While this album moved the band further away from the Minutemen, it also distanced Watt and company from the first three records fIREHOSE put out. Their first three records, all released on SST, were a bit fuzzier, a bit more ragged around the edges. The songs, as pieces of a whole, didn’t even come close to fitting together, and the results were exciting but willfully disconnected. Flyin’ the Flannel has its share of odd shifts, but it’s a much more cohesive album than anything the band had made before. That’s not to say they don’t have breadth — the bright love tune “Can’t Believe” is a clean pop gem while “Tien An Man Dream Again” falls apart in jagged fits in its 79 second run time — but you can see the faintest connections between songs here.
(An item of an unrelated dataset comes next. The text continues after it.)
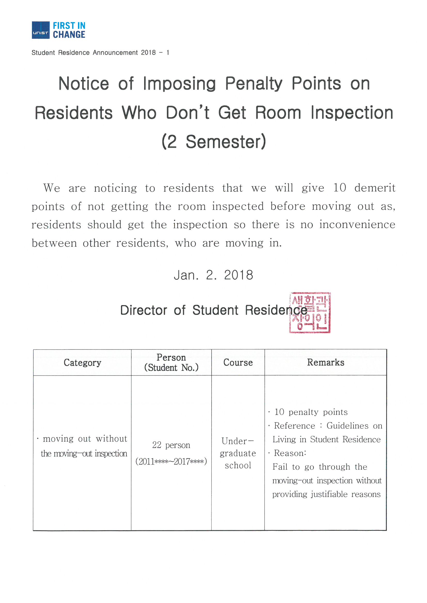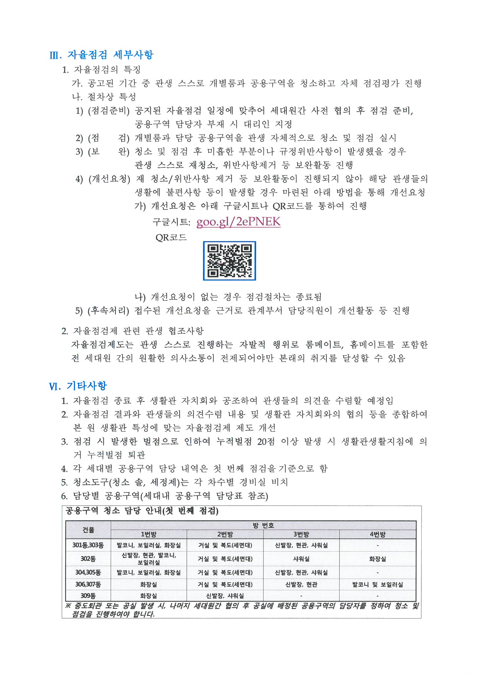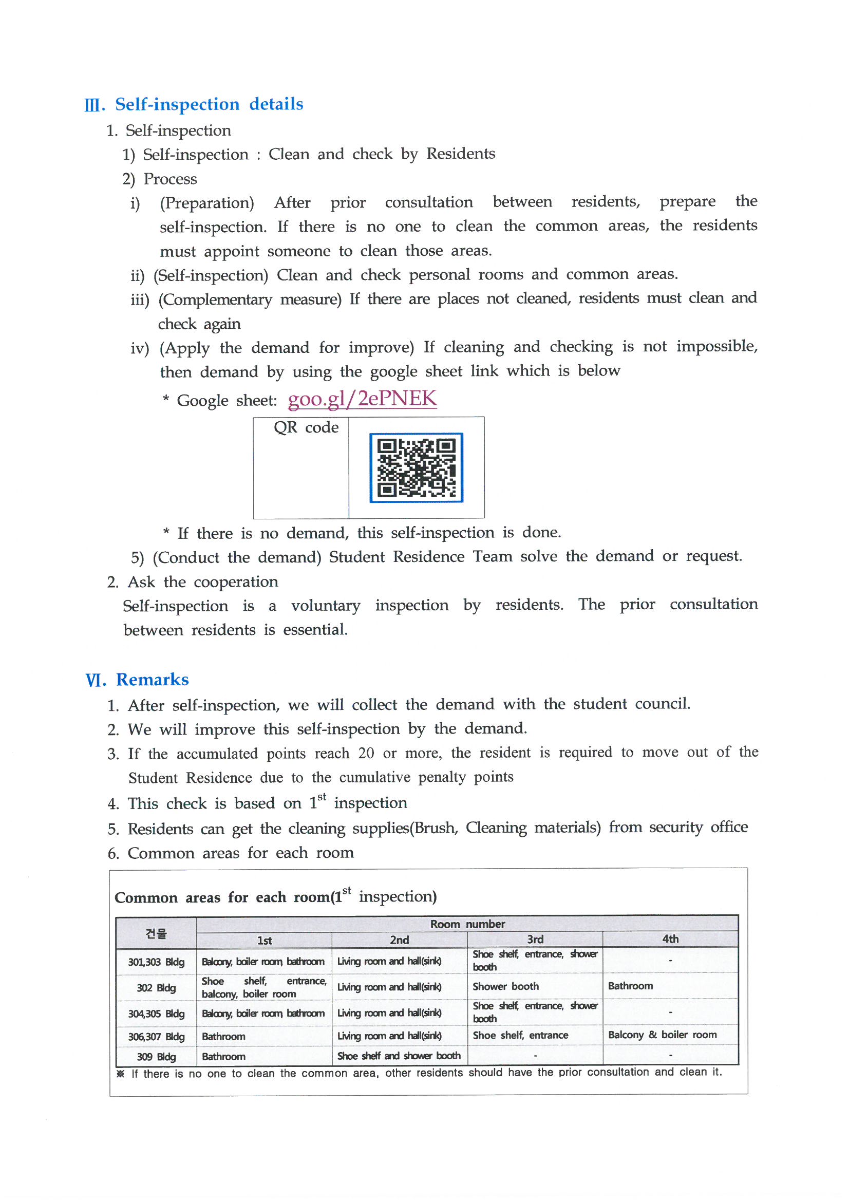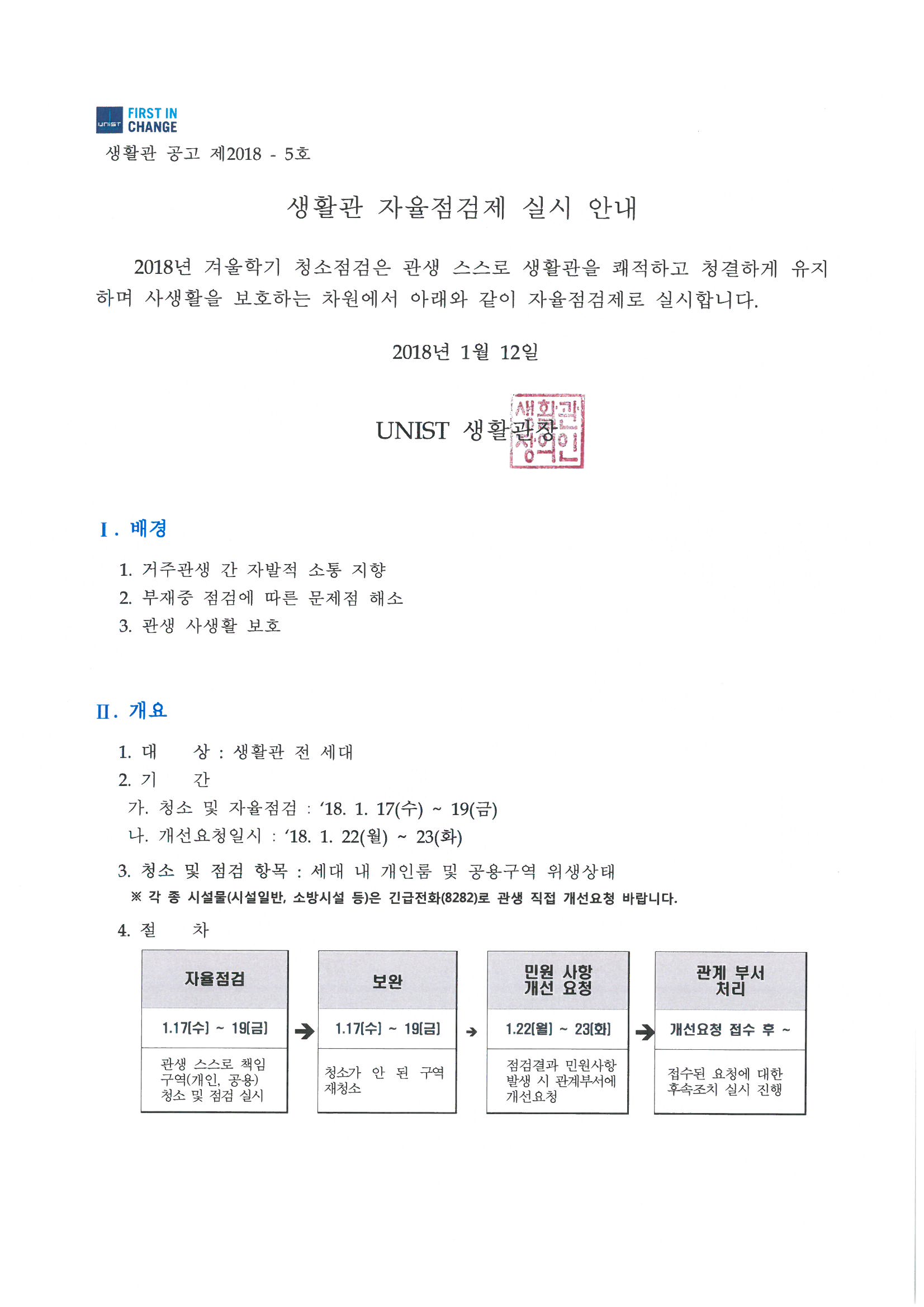 | 5 | (No.2018-05) 생활관 자율점검제 실시 안내 (Notice for Sel.. | 2018-01-13 | 2208 |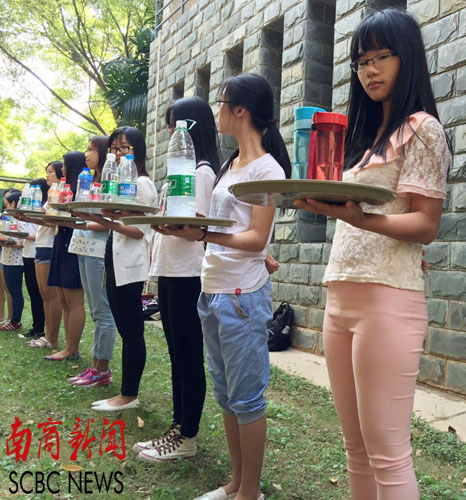 又讯 近日,2013级旅游管理专业餐饮管理的托盘实践课程在G栋旁小树林开展。

This is also, as you might expect, another album that displays Watt’s untouchable bass riffage. Dude plays bass like a lead guitarist, and surprises us constantly. He drives “Lost Colors” on rumbling, slapped off riffs, while “O’er the Town of Pedro” sppeeds by on tumbling, crowded runs of notes. If Watt’s brilliance is both staggering and unsurprising — and Hurley, for his part, kills here too — it’s Crawford’s guitar playing and how his combination of funk sharpness and classic-rock textures keeps up with Watt’s bass at every step that truly sells the album. If fidelity and songwriting focus give Flyin’ the Flannel a clearer picture than its predecessors, it’s the chemistry between Crawford and Watt that gives these songs their unique power. Even when they slow things, on the moody closer “Losers, Boozers and Heroes,” their interplay is lively and energetic.
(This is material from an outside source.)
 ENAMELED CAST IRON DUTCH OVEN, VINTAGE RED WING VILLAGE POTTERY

The band’s tight chemistry doesn’t keep them from experimenting and puzzling us from time to time. Their cover of Daniel Johnston’s “Walking the Cow” plays like some bizarro lounge act, while the spoken-word “Song for Dave Alvin” is shadowy and hushed, yet tense and troubling. Meanwhile, “Anti-Mysogyny Maneuver” is some odd combination of surf rock and prog noodling. You don’t ever get comfortable with Flyin’ the Flannel, you just come to accept that it’s always five steps ahead of you, and struggling to keep up is part of the joy of the record. There’s holes that never quite get filled in. The lyrics are both hyper-literate and yet obscured. The titles themselves tip the band’s hand a bit, cutting the ‘g’ off any gerunds — i.e. “Towin’ the Line,” “Toolin’,” the title track (but not Johnston’s “Walking the Cow” — and “O’er the Town of Pedro” employs the syncope in that first word to show us that something is missing. That Flyin’ the Flannel, despite its long stretches of cohesion, is still incomplete in the most fruitful of ways. It makes you work to figure it out — both sonically and thematically — and in that way it seems to bely its title. It’s easy, in retrospect, to see the title as some sort of signifier for the grunge movement, for the post-Nirvana commercial boom of college rock.
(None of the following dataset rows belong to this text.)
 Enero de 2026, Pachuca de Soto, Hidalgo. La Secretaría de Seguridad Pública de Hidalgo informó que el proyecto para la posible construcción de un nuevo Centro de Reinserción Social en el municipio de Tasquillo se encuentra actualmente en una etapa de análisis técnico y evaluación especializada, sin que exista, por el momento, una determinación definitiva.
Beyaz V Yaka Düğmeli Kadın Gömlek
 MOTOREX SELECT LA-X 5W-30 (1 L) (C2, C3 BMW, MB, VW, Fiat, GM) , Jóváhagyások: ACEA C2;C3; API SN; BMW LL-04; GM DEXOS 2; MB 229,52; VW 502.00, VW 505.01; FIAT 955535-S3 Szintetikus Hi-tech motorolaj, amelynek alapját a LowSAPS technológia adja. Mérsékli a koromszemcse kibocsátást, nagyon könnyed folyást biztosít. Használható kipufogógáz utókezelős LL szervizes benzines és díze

But this, folks, is not that. Flyin’ the Flannel is nothing so exacting, nothing so of the moment, nothing so eager to be defined. Instead, this great record pushes against the idea that “college” or “alternative” rock is a particular sound, or maybe that it even exists at all outside of record store section signs. Just as Flyin’ the Flannel was both uniquely thrilling and incomplete, so it seems is the fIREHOSE story. Just to see the shows they’re playing — Coachella, the biggest festival of the year, plus dates with M. Ward — shows the strength and incredible reach of their influence. And no wonder. For all its mercurial qualities, the power of Flyin’ the Flannel, the band’s finest record, is crystal clear.